We caution that changes in meaning or semantic shift of the CDS n-grams may potentially bias our results. …

the choice of CDS n-grams could lead to a “recency bias” in our results, explaining their rise in prevalence in recent decades. [their ‘control’ for this is IMO irrelevant]

We caution that although the Google Books data have been widely used to assess cultural and linguistic shifts, and they are one of the largest records of historical literature, it remains uncertain whether CDS prevalence truly reflects changes in societal language and societal wellbeing. Many books included in the Google Books sample were published at times or locations marked by reduced freedom of expression, widespread propaganda, social stigma, and cultural as well as socioeconomic inequities that may reduce access to the literature, potentially reducing its ability to reflect societal changes.

Note that the n-grams from (17) are in a 2020 paper on Twitter, which is a rather different corpus to published books!
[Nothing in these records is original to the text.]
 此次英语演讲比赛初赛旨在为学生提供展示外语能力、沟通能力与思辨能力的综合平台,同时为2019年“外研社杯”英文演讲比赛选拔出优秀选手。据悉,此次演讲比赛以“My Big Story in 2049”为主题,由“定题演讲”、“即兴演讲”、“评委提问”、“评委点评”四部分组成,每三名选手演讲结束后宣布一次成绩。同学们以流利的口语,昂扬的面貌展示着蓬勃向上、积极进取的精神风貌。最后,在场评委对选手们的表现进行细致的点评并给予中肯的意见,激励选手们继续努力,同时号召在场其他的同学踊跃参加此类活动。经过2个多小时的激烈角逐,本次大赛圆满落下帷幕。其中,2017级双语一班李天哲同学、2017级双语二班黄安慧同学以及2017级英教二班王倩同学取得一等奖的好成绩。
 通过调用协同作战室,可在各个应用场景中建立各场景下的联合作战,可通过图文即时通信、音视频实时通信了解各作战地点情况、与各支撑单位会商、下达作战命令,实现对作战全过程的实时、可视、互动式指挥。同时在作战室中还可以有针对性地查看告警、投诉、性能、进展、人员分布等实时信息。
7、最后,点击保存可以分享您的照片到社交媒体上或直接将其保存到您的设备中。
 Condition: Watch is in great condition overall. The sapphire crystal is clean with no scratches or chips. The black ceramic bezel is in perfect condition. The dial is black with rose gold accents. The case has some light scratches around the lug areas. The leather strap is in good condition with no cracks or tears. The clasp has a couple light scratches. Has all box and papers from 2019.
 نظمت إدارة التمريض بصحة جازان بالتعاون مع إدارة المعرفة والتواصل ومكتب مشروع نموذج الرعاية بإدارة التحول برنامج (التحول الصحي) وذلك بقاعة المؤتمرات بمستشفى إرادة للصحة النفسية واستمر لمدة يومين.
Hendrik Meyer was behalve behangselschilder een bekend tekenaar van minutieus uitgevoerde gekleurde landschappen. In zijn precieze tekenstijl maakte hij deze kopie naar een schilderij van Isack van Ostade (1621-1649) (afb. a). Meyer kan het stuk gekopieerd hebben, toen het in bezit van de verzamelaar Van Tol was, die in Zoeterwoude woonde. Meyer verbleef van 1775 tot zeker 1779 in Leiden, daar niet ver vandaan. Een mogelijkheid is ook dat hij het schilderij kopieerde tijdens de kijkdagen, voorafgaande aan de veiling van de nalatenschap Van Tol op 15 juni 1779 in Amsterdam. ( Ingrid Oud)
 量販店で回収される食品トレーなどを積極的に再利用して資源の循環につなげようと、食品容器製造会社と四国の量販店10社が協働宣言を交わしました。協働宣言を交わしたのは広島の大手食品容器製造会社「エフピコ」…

From that one:

we relied on individuals reporting their personal clinical depression diagnoses on social media [and] recommend caution when generalizing our findings to the level of all individuals who have depression. … Our lexicon of CDS was composed and approved by a panel of ten experts who may have been only partially successful in capturing all of the n-grams used to express distorted ways of thinking. On a related note, the use of CDS n-grams implies that we measure distorted thinking by proxy, namely through language, and our observations may be therefore be affected by linguistic and cultural factors. Common idiosyncratic or idiomatic expressions may syntactically represent a distorted form of thinking, but no longer do so in practice.

We emphasize that not all use of CDS n-grams reflects depressive thinking, as these phrases are part of normal English usage, and it would therefore be wrong to try to diagnose depression merely on the basis of use of one or more such phrases.
Wajax 9 Jul 2022 17:14 UTC
7 points
0

In 1978, prevalence began to rise slowly, and then in 2000 more rapidly, leveling out again around 2008 at a historically-high level.
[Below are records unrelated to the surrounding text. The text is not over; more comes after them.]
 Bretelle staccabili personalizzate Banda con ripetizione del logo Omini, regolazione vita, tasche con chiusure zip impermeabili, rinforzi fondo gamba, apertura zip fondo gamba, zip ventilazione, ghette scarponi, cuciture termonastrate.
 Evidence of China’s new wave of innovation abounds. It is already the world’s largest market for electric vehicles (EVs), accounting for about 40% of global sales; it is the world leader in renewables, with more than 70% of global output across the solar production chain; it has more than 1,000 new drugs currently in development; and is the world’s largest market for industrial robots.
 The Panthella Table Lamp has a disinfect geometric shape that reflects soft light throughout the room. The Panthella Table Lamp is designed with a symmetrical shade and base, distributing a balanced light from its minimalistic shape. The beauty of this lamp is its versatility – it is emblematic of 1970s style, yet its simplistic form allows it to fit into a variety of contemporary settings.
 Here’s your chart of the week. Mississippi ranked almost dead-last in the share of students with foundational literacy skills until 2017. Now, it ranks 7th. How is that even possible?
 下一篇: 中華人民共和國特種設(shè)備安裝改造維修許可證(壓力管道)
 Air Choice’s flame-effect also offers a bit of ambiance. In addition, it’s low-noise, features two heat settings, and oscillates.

I think it’s interesting to consider how those trends might correlate with rising numbers of people identifying as non-religious.

Regardless of whether changes in religion caused an increase in depression, I think it’s certainly possible that it influenced how people might have felt writing about their life and experience.

Speaking as someone raised in a fundamentally religious setting, there’s often a certain kind of guilt associated with expressing negativity about oneself or ones life. No matter how bad you feel about yourself, definitively calling yourself a “loser” would be an affront to the creator.

A lot of those typologies of cognitive distortions would be read as vain/worldly/unfaithful towards a divine plan. People might be experiencing all of that internally, but interpreting it as a spiritual failing to be expressed through spiritual language, if at all.
quanticle 9 Jul 2022 20:45 UTC
2 points
0

The researchers looked for these language patterns in 14 million books, published over the past 125 years in English, Spanish, and German, that are available via Google Ngram, to see how their prevalence has changed over time.

(emphasis mine)

Given that what is published is a tiny, highly selected fraction of what is said, spoken, etc, why should we feel confident in drawing any population-wide conclusions at all from a study of published work? Even if we limit the relevant population to authors, I would be hesitant to draw any conclusions, given that only a fraction of what authors write gets published, and what is published often goes through multiple rounds of editing before it hits the presses.

Maybe it’s just that cultural tastes have shifted so that more open discussions of poor mental health are acceptable, and, as a result we see greater representation of that in published work.